• [Data for this task]:
------------
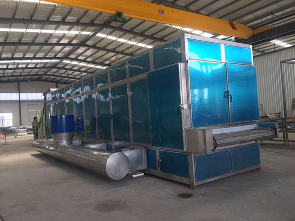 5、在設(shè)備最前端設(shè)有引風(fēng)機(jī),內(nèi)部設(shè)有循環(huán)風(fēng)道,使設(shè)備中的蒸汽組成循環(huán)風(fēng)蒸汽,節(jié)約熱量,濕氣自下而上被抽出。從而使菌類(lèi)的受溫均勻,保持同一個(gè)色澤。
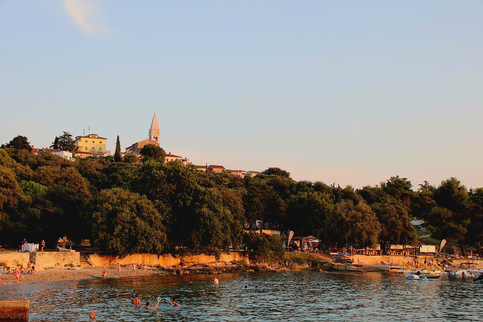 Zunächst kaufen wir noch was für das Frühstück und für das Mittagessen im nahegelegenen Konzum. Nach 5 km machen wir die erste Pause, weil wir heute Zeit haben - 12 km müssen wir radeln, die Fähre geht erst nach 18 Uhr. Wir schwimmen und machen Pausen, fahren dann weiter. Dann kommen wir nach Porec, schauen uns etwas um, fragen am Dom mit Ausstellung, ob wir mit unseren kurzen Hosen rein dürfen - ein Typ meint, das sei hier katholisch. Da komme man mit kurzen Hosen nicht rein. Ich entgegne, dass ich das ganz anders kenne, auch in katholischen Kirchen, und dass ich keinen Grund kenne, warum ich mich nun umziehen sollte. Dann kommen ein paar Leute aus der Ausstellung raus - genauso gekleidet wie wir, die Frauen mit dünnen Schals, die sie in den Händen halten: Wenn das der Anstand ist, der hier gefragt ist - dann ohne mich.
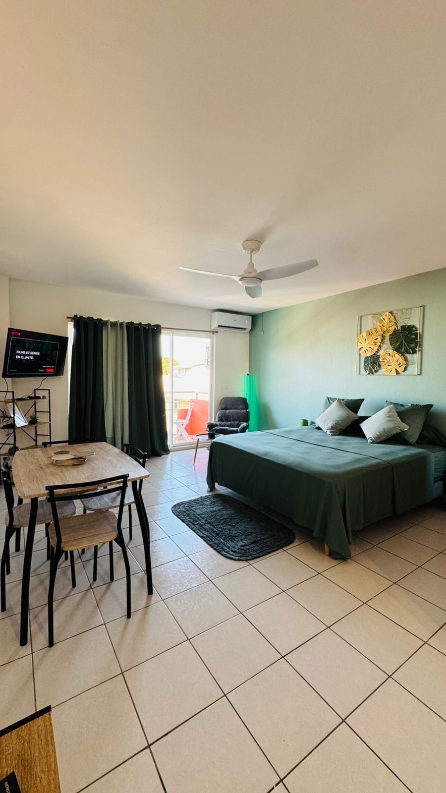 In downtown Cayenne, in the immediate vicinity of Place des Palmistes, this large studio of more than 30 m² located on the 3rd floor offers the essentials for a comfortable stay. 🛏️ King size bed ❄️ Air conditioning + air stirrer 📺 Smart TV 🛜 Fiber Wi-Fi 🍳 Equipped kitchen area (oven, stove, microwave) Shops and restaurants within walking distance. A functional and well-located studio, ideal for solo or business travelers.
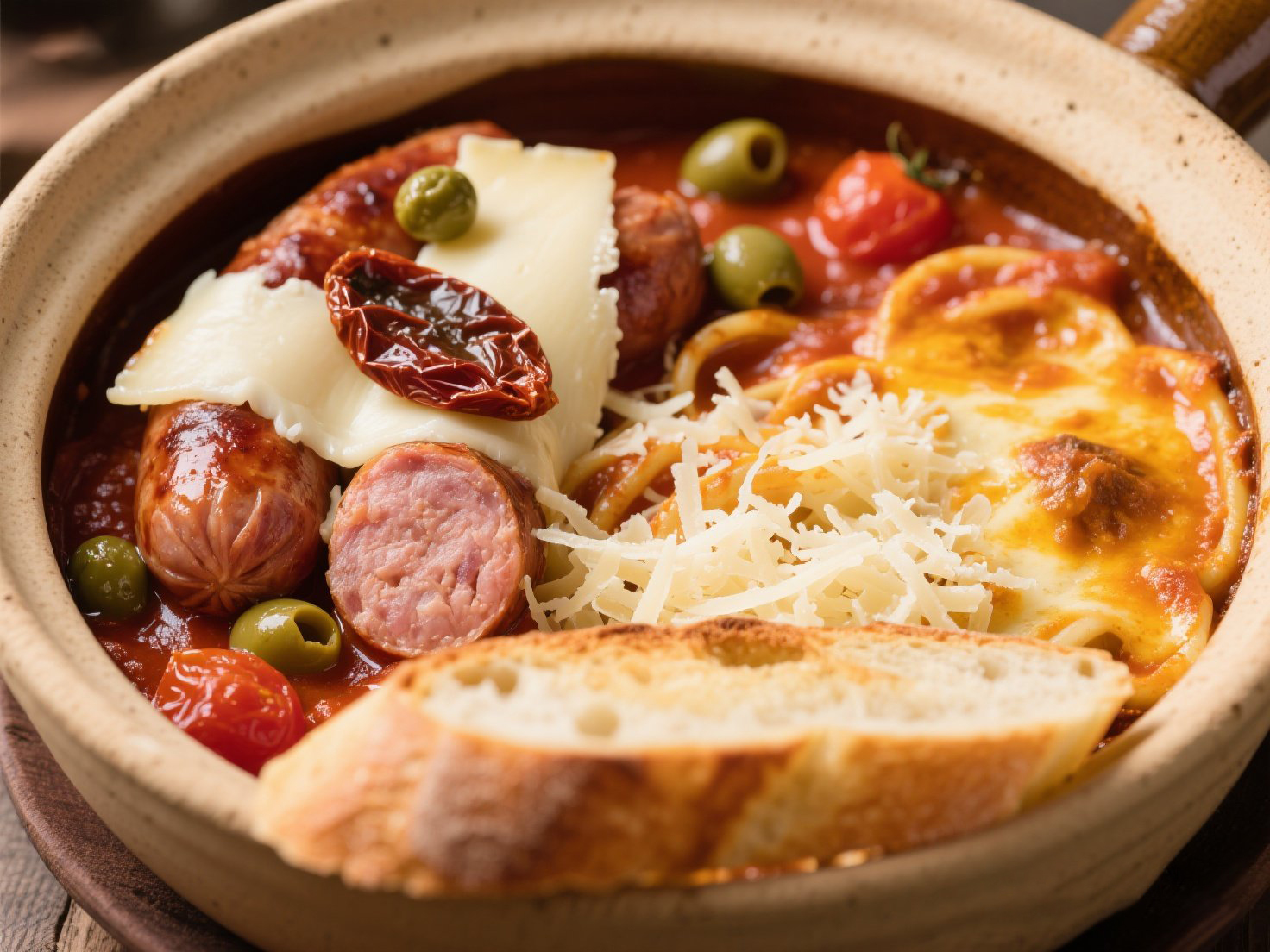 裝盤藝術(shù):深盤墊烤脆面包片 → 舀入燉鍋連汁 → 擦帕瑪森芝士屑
------------
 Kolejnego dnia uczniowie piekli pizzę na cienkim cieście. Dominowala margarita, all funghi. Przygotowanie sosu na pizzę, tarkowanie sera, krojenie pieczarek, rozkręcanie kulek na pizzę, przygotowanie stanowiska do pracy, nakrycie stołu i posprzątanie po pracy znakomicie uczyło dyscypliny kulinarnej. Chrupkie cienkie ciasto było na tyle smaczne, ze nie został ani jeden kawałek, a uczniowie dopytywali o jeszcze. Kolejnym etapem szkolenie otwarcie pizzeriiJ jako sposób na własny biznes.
------------
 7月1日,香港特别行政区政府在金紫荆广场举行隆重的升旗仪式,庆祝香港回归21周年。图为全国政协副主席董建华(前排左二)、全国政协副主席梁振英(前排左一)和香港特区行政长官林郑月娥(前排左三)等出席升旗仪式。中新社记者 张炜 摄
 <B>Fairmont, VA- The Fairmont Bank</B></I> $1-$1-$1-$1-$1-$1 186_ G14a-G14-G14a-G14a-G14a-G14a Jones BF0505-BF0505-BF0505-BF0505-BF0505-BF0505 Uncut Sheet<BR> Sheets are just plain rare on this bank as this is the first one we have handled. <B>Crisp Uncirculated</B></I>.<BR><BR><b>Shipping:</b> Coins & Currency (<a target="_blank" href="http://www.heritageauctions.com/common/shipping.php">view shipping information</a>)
------------
• [What is expected]: Write out, word for word, the stretch of entries that begins at the line with "5、在設(shè)備最前端設" and ends at the line with "Zunächst kaufen wir". Pictures do not belong in it.

• [Solution to the exercise]:
 5、在設(shè)備最前端設(shè)有引風(fēng)機(jī),內(nèi)部設(shè)有循環(huán)風(fēng)道,使設(shè)備中的蒸汽組成循環(huán)風(fēng)蒸汽,節(jié)約熱量,濕氣自下而上被抽出。從而使菌類(lèi)的受溫均勻,保持同一個(gè)色澤。
 Zunächst kaufen wir noch was für das Frühstück und für das Mittagessen im nahegelegenen Konzum. Nach 5 km machen wir die erste Pause, weil wir heute Zeit haben - 12 km müssen wir radeln, die Fähre geht erst nach 18 Uhr. Wir schwimmen und machen Pausen, fahren dann weiter. Dann kommen wir nach Porec, schauen uns etwas um, fragen am Dom mit Ausstellung, ob wir mit unseren kurzen Hosen rein dürfen - ein Typ meint, das sei hier katholisch. Da komme man mit kurzen Hosen nicht rein. Ich entgegne, dass ich das ganz anders kenne, auch in katholischen Kirchen, und dass ich keinen Grund kenne, warum ich mich nun umziehen sollte. Dann kommen ein paar Leute aus der Ausstellung raus - genauso gekleidet wie wir, die Frauen mit dünnen Schals, die sie in den Händen halten: Wenn das der Anstand ist, der hier gefragt ist - dann ohne mich.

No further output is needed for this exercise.